In case of evaluation the profitability of isolated projects, the key issues of the
analysis consist of: a positive value of the NPV; a value of the IRR superior to the discount
rate considered as normal, or a value of the IRR superior to the contracted loan rate (Capet,
1992: 125). Concomitant there has to be assessed the payback period depending on the
specific industry or through the investors point of view (usually, payback period under
three years). If there are evaluated several mutually exclusive projects, then may preferred
one that will have the higher NPV, and using the IRR has just the role to check whether
there might be interesting to take advantage of a loan leverage.

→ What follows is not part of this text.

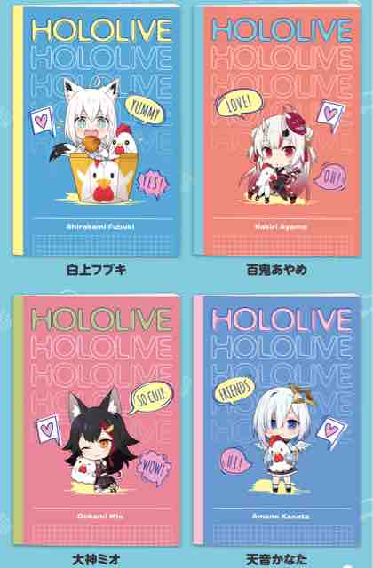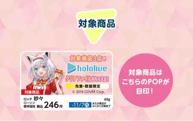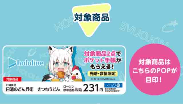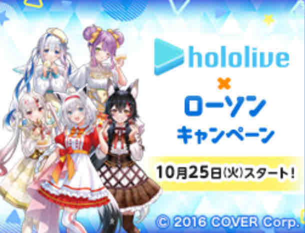 コンビニエンスストアのローソンで、ホロライブのコラボキャンペーンが始まる。キャンペーンは対象商品を買うと、クリアファイル全5種、ポケット手帳全5種、ミニポスター全5種がその場でもらえる。

It is remarkable that, in practice, the payback period represents an important
method of guidance for the investors. This approach is obviously conservative, meaning
that minimizes the risk to the future; nevertheless, the association risk-future is unjustified,
when it refers to proven technology and reliable products. Therefore, thus approaches may
result in economic non-senses, which overlook that the fundamental underlying intention
of an investment is to produce wealth, regardless the medium or long term; achieving the
wealth goal, the payback is realized.
The focal point in resolution of the inconsistent results of efficiency assessment
methods consist in establishment of the discount rate normally used in efficiency
calculations. The most common proxies in this demarche are proxies such as interest rates,
capital supply and demand, and the average rate of return. For a long period of time there
were considered that, giving the increasing efficiency, the markets reached a development
that allow them to fully self regulate, regardless the situation. Nevertheless, the growingefficiency and the self-adjustment type of the market behavior proved resounding failures,
of those echoes are obviously in the nowadays economic situation. Results in the necessity
of duplicate the efficiency by supervision, in order to ensure the dynamic correlation
between the discount rate and the rate of economic growth.